Time Series Forecasting with CNNs in PyTorch and TensorFlow
Convolutional Neural Networks (CNNs) are commonly used for image recognition tasks, but recent advances have shown that CNNs can also be effective for time series forecasting. This approach leverages the ability of CNNs to extract patterns from sequences of data, offering a powerful alternative to traditional Recurrent Neural Networks (RNNs) and Long Short-Term Memory (LSTM) networks. In this article, we’ll explore how CNNs can be adapted for time series forecasting and compare them with traditional models like RNNs and LSTMs.
Table of Contents
- Why Use CNNs for Time Series Forecasting?
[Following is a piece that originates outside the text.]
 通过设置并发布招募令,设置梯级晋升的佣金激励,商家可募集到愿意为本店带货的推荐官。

- CNN Architecture for Time Series Forecasting
- CNN Model for Time Series Forecasting in TensorFlow
- Evaluation Metrics Beyond MSE
- Hyperparameter Tuning
- CNN Model for Time Series Forecasting in PyTorch
- Best Practices and Final Thoughts
- Conclusion
1. Why Use CNNs for Time Series Forecasting?
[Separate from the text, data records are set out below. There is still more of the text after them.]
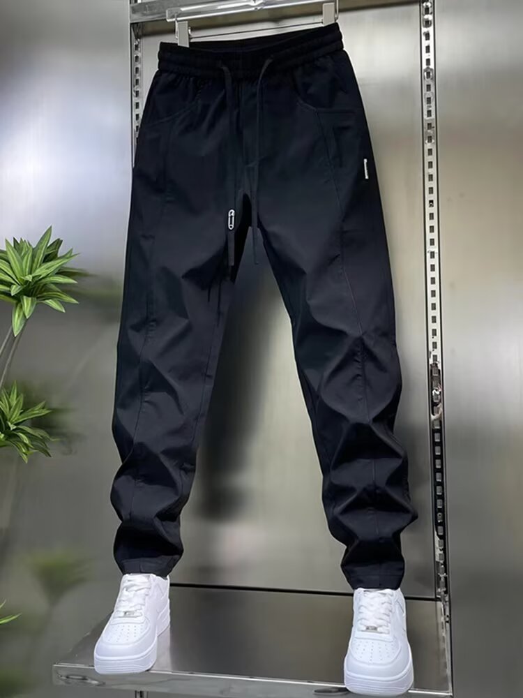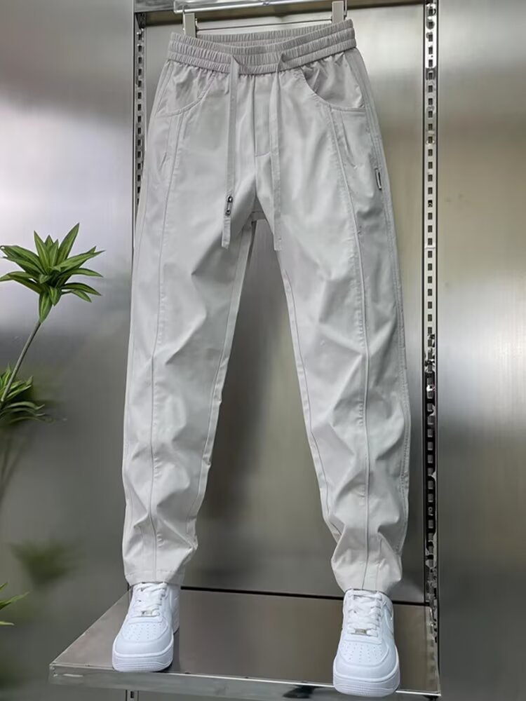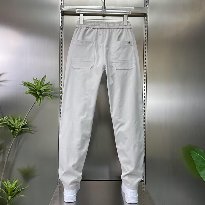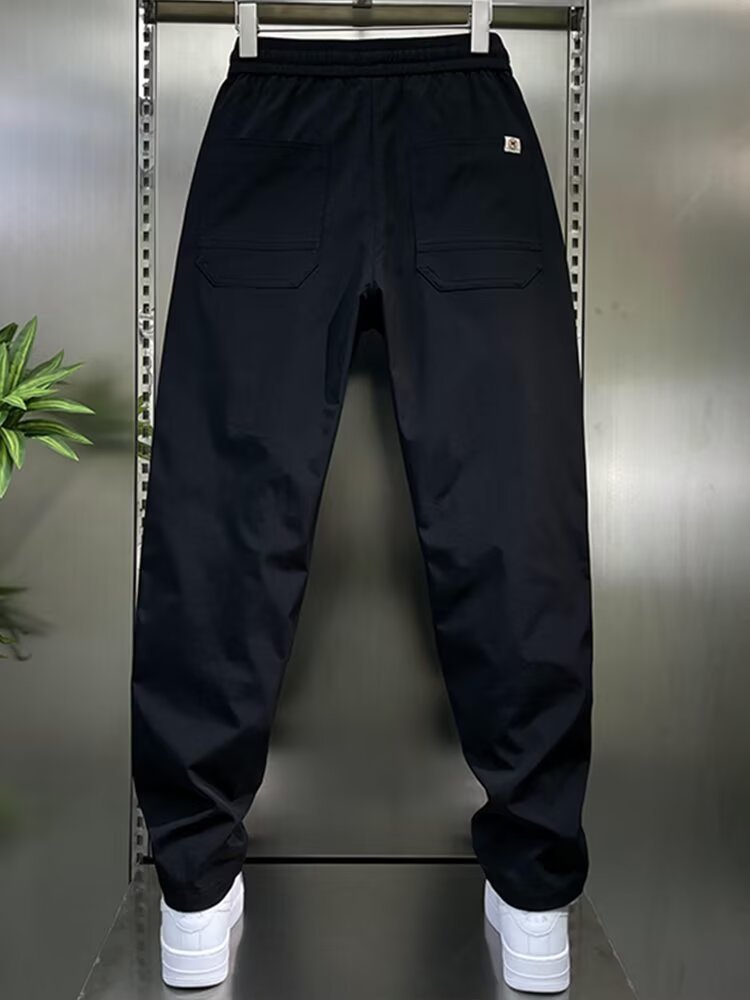 남성용 바지 2025 새로운 솔리드 컬러 스플 라이스 캐주얼 바지 탄성 신축성있는 허리 스트레이트 바지 남성용 야외 충전 바지
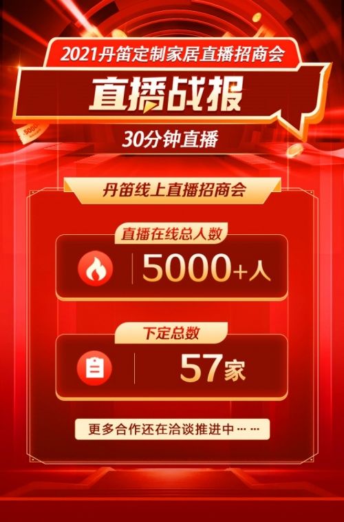 5000+人围观,57家下定!2021丹笛定制家居直播招商会完美收官!
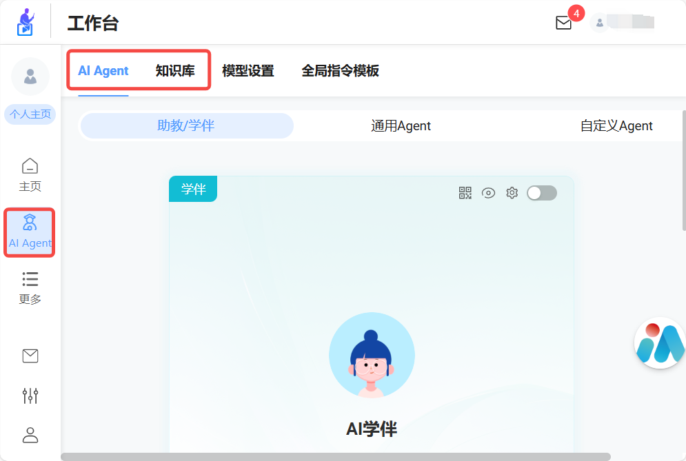 老师们可以在成电教学资源管理平台—工作台—AI Agent创建自己的专属智能体和知识库。
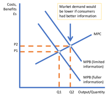 If they had fuller/better information on the benefits to themselves of consuming a good or service, the marginal private benefit curve would shift lower leading to a smaller equalibrium (Q2 to Q1)
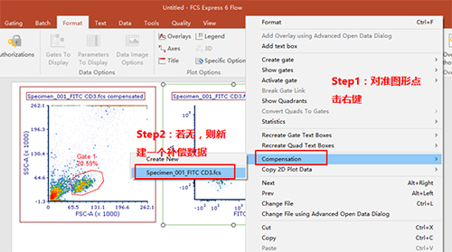 此時(shí)可以手動(dòng)調(diào)節(jié)兩通道之間的補(bǔ)償,該數(shù)據(jù)為FITC單管,可用PE-FITC調(diào)節(jié)FITC滲漏到PE通道去的熒光。步驟如下圖所示:

CNNs are traditionally associated with image processing, but they have been successfully adapted for time series data because of their ability to learn features through convolutional layers. The advantages of using CNNs for time series forecasting include:
- Parallel Processing: Unlike RNNs and LSTMs, CNNs don’t need to maintain a sequence order and can process multiple parts of the data in parallel.
- Efficiency: CNNs are computationally more efficient, making them suitable for large datasets.
- Feature Extraction: The convolutional layers automatically learn hierarchical features in the time series, capturing both local and global patterns.
However, CNNs may struggle to capture long-term dependencies in the data. RNNs and LSTMs often perform better in this area by maintaining state over longer sequences.
2. CNN Architecture for Time Series Forecasting
A CNN architecture designed for time series forecasting typically uses 1D convolutions. Each time step is treated as a “spatial” dimension, with the goal of detecting features within the time domain.
In this section, we’ll work with a more complex multivariate time series dataset that includes seasonality and multiple features such as temperature, humidity, and pressure.
2.1 Data Generation and Preprocessing
We start by generating synthetic multivariate time series data.
import numpy as np
import tensorflow as tf
from sklearn.preprocessing import MinMaxScaler
from sklearn.model_selection import train_test_split
# Set random seed for reproducibility
np.random.seed(42)
# Generate synthetic time series data with seasonality and multiple features
time_steps = 1000
time = np.arange(0, time_steps)
temperature = np.sin(time * 0.1) + np.random.normal(0, 0.1, time_steps)
humidity = np.cos(time * 0.1) + np.random.normal(0, 0.1, time_steps)
pressure = np.sin(time * 0.05) + np.random.normal(0, 0.05, time_steps)
# Stack features into a multivariate dataset
data = np.column_stack((temperature, humidity, pressure))
Note: Setting a random seed ensures that the results are reproducible.
2.2 Data Scaling and Windowing
Next, we normalize the data and create a dataset using a sliding window approach.
# Normalize the data
scaler = MinMaxScaler(feature_range=(0, 1))
data_scaled = scaler.fit_transform(data)
# Create dataset with sliding window
def create_multivariate_dataset(data, window_size):
x, y = [], []
for i in range(len(data) - window_size):
x.append(data[i:i+window_size])
y.append(data[i+window_size, 0]) # Predicting the first feature (temperature)
return np.array(x), np.array(y)
window_size = 20
x, y = create_multivariate_dataset(data_scaled, window_size)
Splitting the Data:
We split the data into training and testing sets to evaluate the model’s performance on unseen data.
from sklearn.model_selection import train_test_split
x_train, x_test, y_train, y_test = train_test_split(
x, y, test_size=0.2, random_state=42, shuffle=False
)
Note: We set shuffle=False
to maintain the time order in time series data.
3. CNN Model for Time Series Forecasting in TensorFlow
3.1 Building the Model
We define a CNN model using the Conv1D
layer, suitable for time series data.
model = tf.keras.Sequential([
tf.keras.layers.Conv1D(
filters=64,
kernel_size=3,
activation='relu',
input_shape=(window_size, x.shape[2])
),
tf.keras.layers.MaxPooling1D(pool_size=2),
tf.keras.layers.Flatten(),
tf.keras.layers.Dense(100, activation='relu'),
tf.keras.layers.Dense(1) # Predict the first feature (temperature)
])
model.compile(optimizer='adam', loss='mean_squared_error', metrics=['mae', 'mape'])
model.summary()
Model Architecture Explanation:
- Conv1D Layer: Extracts local patterns over the time steps.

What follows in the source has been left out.